Solar Power Systems

The Solar Resource

Solar technologies use the sun's energy and light to provide heat, light, hot water, electricity, and even cooling, for homes, businesses, and industry. Similarly, the solar resource for generating power from concentrating solar power systems is also varied and plentiful. For instance, enough electric power for the entire country could be generated by covering about 9 percent of the land in Nevada, or a plot of land of about 100 miles square, with parabolic trough solar systems. The amount of power generated by a concentrating solar power plant depends on the amount of direct sunlight. Like concentrating photovoltaic concentrators, these technologies use only direct-beam sunlight, rather than diffuse solar radiation.

The southwestern United States potentially offers the best development opportunity for concentrating solar power technologies in the world. Concentrating solar power plants produce electric power by converting the sun's energy into high-temperature heat using various mirror configurations. The heat is then channeled through a conventional generator. The plants consist of two parts: one that collects solar energy and converts it to heat, and another that converts heat energy to electricity. There are three kinds of concentrating solar power systems; troughs, dish/engines, and power towers, which are classified by how they collect the solar energy.

Trough Systems

Solar Trough SystemThe sun's energy is concentrated by parabolic trough-shaped reflectors onto a receiver pipe running along the inside of the curved surface. This energy heats oil flowing through the pipe, and the heat energy is then used to generate electricity in a conventional steam generator.
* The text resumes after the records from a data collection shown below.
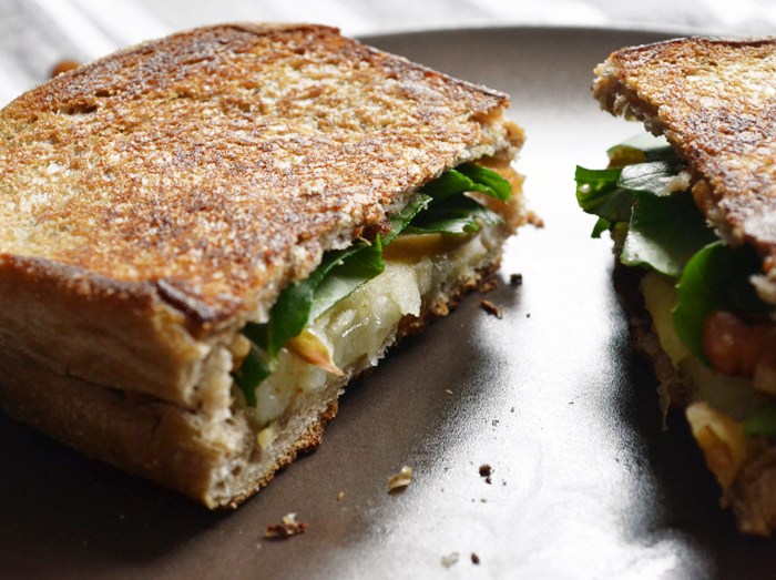 σάντουιτς με γραβιέρα, μήλο και σταφίδες
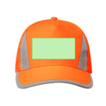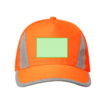 Casquette 5 panneaux en polyester souple. Fermeture velcro réfléchissante réglable à l’arrière. Couleur jaune fluor ou orange avec détails réfléchissants sur la visière, l’avant et l’arrière.
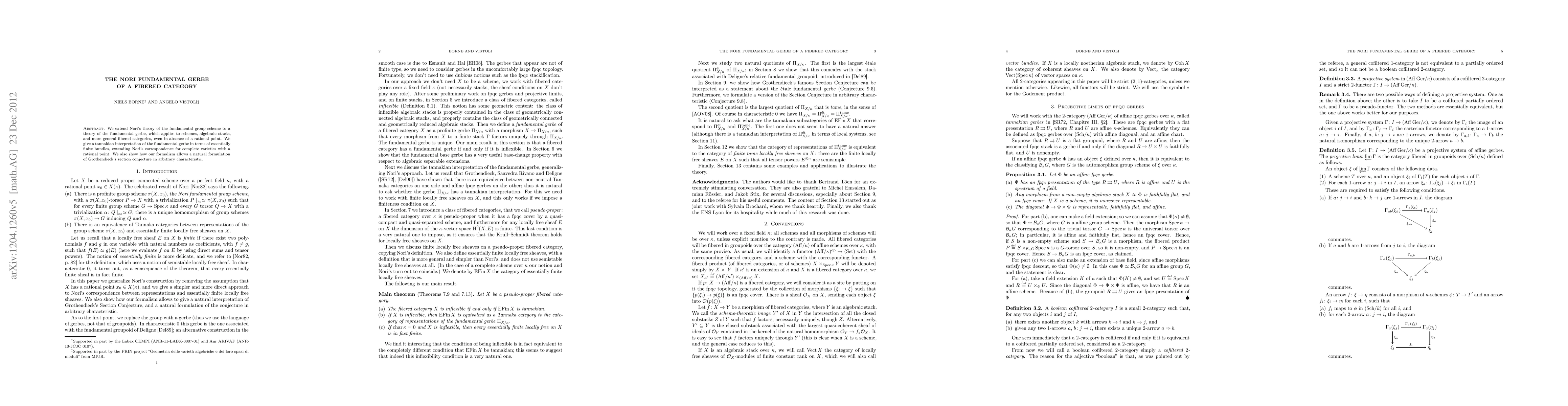 Summary: This paper presents a condition for a fibered category over a field to have a universal morphism to a profinite gerbe, generalizing Nori's and Deligne's fundamental objects, and introduces a tannakian construction using essentially finite bundles. It applies the fundamental gerbe to formulate Grothendieck's section conjecture in any characteristic, and examines natural quotients of this gerbe.
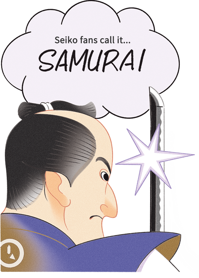 The sharp tips of the indexes and the shape of the bezel, as well as the hard, metallic texture, are reminiscent of the armor of a shogun. It is said that fans nicknamed this watch Shogun because of its strong, fearless appearance.
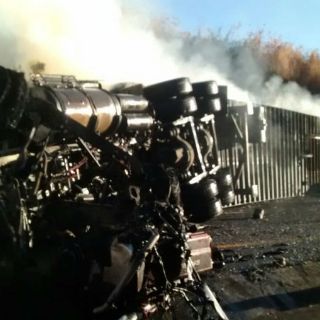 El vehículo, cargado con jitomates y limones, impactó contra un muro de contención, esto ocasionó que el tráiler volcara y posteriormente se incendió.
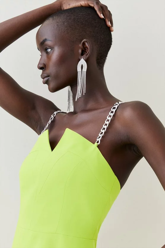 Cascading from scintillating chains, this party-stopping piece is crafted for unforgettable ensembles. Revered for its form-fitting composition, this midi dress tailors the silhouette with bespoke aplomb.
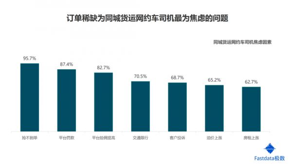 然而,这样的时间并没有维持多久。因为货运司机的不断涌入,在商家需求固定的情况下,平台订单又成了制约货运网约车发展的另一个问题。据Fastdata在2019年上半年的统计数据显示,订单稀缺成为同城货运网约车司机最为焦虑的问题。
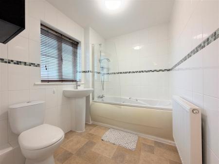 BATHROOM Obscure double glazed window to rear, radiator, panel bath with mixer tap, thermostatic shower and side screen, pedestal hand-wash basin with mixer tap, low level WC, fully tiled walls, shaver socket, vinyl tile effect flooring, extractor fan.
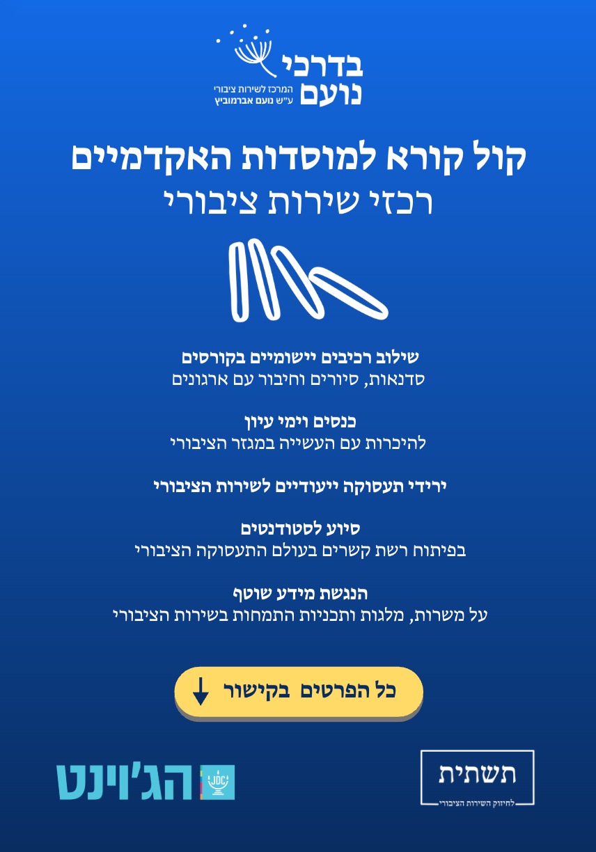 תפקיד חדש במוסדות האקדמיים שיחזק את הקשר בינם לבין השירות הציבורי וישלב חשיפה והכרות של סטודנטים להזדמנויות משמעותיות לעשייה.

A collector field comprises many troughs in parallel rows aligned on a north-south axis. This enables tracking the sun from east to west during the day to ensure that the sun is continuously focused on the receiver pipes. Individual trough systems currently can generate about 80 megawatts of electricity.


Advanced developments in this technology continues, with direct steam generation in the receiver tubes promising lower generating costs in the next decade. Hybrid systems - solar used with combined cycles are also in use.

Dish/Engine Systems

A Dish/Engine System is an electric generator that uses sunlight instead of gas or coal to produce electricity. The major parts of a system are the solar concentrator and the power conversion unit.

THE DISH, which is more specifically referred to as a concentrator, is the primary solar component of the system. It collects solar energy coming directly from the sun and focuses it on a small area. The resultant solar beam has all of the power of the sunlight hitting the dish but is concentrated in a small area so that it can be more efficiently utilized. Glass mirrors reflect approximately 92% of the sunlight that hits them, are relatively inexpensive, can be cleaned, and last a long time in the outdoor environment, making them an excellent choice for the reflective surface of a solar concentrator. The dish structure must track the sun continuously to reflect the beam on the thermal receiver.

THE POWER CONVERSION UNIT includes the thermal receiver and the engine/generator. The thermal receiver is the interface between the dish and the engine/generator. It absorbs the concentrated beam of solar energy, converts it to heat, and transfers the heat to the engine/generator. A thermal receiver can be a bank of tubes with a cooling fluid, usually hydrogen or helium, which is the heat transfer medium and also the working fluid for the conversion engine. Alternate thermal receivers are heat pipes wherein the boiling and condensing of an intermediate fluid is used to transfer the heat to the engine. The engine/generator system is the subsystem that takes the heat from the thermal receiver and uses it to produce electricity.

Power Tower Systems

A power tower converts sunshine into clean electricity for the world's electricity grids. The technology utilizes many large, sun-tracking mirrors (heliostats) to focus sunlight on a receiver at the top of a tower. A heat transfer fluid heated in the receiver is used to generate steam, which in turn, is used in a conventional turbine-generator to produce electricity.

With thermal storage, power towers can operate at an annual capacity factor of 65%, which means they can potentially operate for 65% of the year without the need for a back-up fuel source. Without energy storage, solar technologies like this are limited to annual capacity factors near 25%. The power tower's ability to operate for extended periods of time on stored solar energy separates it from other renewable energy technologies.

One key competitive advantage of concentrating solar energy systems is their close resemblance to most of the power plants operated by the nation's power industry. Concentrating solar power technologies utilize many of the same technologies and equipment used by conventional central station power plants, simply substituting the concentrated power of the sun for the combustion of fossil fuels to provide the energy for conversion into electricity. This evolutionary aspect as distinguished from revolutionary or disruptive results in easy integration into today's central station based electric utility grid. It also makes concentrating solar power technologies the most cost-effective solar option for the production of large-scale electricity generation.